[jonahx]

Are the counterexamples offered by the theorem pathological, in the sense that they are unlikely to occur in practice but are theoretically possible? Or would they arise in practice frequently using standard rank voting systems?

[YokoZar]

As long as politics is not one-dimensional, there are completely reasonable cases where you get a rock-paper-scissors situation between 3 top candidates if voters select whomever is closest to them. That in turn violates the criteria that says the election result can't change if you add a non-winning candiate (rock beats scissors, but when paper enters the race now scissors is computed the winner).

This criteria is called "independence of irrelevant alternatives". A common criticism of Arrow's theorems usefulness is that it is a bit of a stretch to call paper an "irrelevant alternative" when rock-paper-scissors forms a cycle of preferences like that.

If politics is one-dimensional ("single-peaked preferences" in the article), then you never get this situation.

It's also important to note that a much more reasonable criteria exists called "local independence of irrelevant alternatives". This is the idea that total losers joining the race don't affect the result, however someone who is in the top rock-paper-scissors cycle (the "Smith Set") can still affect the result even if they don't win themselves. This is far more reasonable, as it's fairly arbitrary which of the candidates in that top cycle should win.

When there is no top cycle, the Smith Set is a single person (the "Condorcet Winner"). When there is a Smith Set, most reasonable voting systems will pick their winner somewhat arbitrarily as a member of the Smith Set, since everyone in the Smith Set beats everyone outside the Smith Set.

[dragonwriter]

> Are the counterexamples offered by the theorem pathological, in the sense that they are unlikely to occur in practice but are theoretically possible? Or would they arise in practice frequently using standard rank voting systems?

Which particular problems occur, and the frequency with which they occur, depend on the particular voting system.

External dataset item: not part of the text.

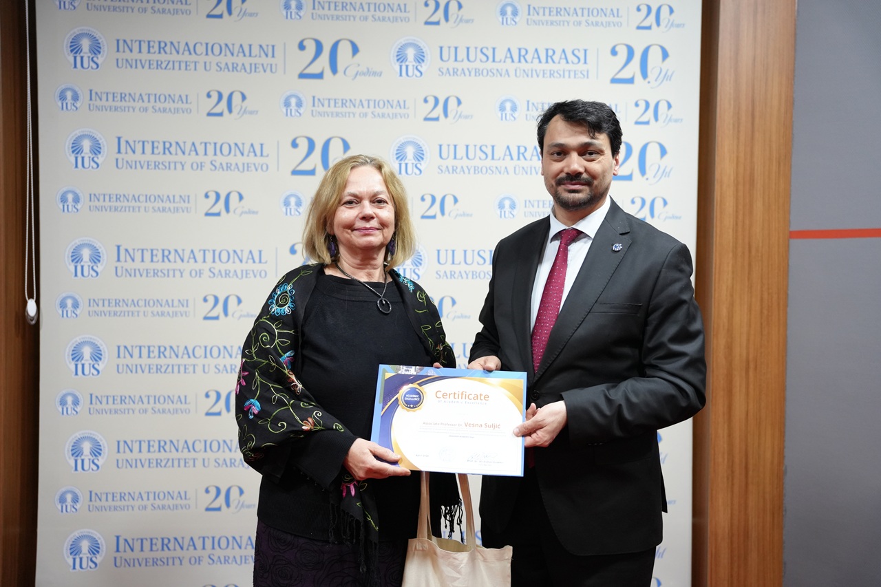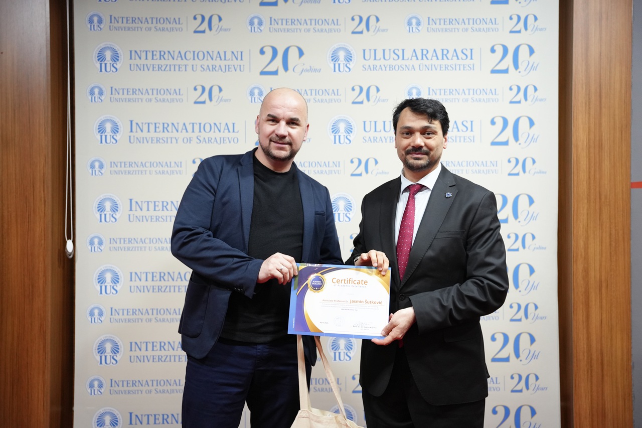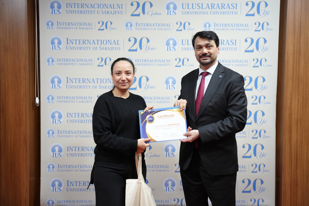 The program also included a special posthumous recognition dedicated to the memory of Emina Lagumdžija. Through the Certificate of Posthumous Recognition and Academic Excellence, IUS honored her lasting contribution as an educator and the meaningful impact she left on her students and colleagues. Her kindness, professionalism, and devotion to teaching remain an important part of the University’s legacy.

Plurality and majority/runoff (which are ranked preference voting systems with a vary narrow constraint on the preferences that are expressed on the input ballots, which is pretty much the same constraint as on the preferences reflected in the output of any single-winner voting system) hits problems fairly frequently in practice, but most of the common voting systems that most people think of as ranked-preference systems (IRV, etc.) still hit them in practice as well, though not generally as frequently and in ways which create as clear incentives to tactical voting.

[logicchop]

The "worry" is not that this-or-that fantastical scenario might play out. It is that, as it turns out, the very mechanisms we use to measure group preferences simply cannot satisfy a list of very basic requirements. For example, the reason we do not use random drawings to determine who gets elected president is that we want the choice to "reflect" our preferences on the whole: but the result shows that this kind of "reflection" is probably not possible, and is always distorted in some fashion by the very procedures we adopt to make these decisions.

[stephencanon]

http://en.wikipedia.org/wiki/Burlington_mayoral_election,_20...

[lmm]

In "standard" FPTP-like systems we frequently see real-world cases that encourage tactical voting. E.g. look at the French Presidential election where Le Pen went through to the final round because there were four leftist candidates that split the leftist vote.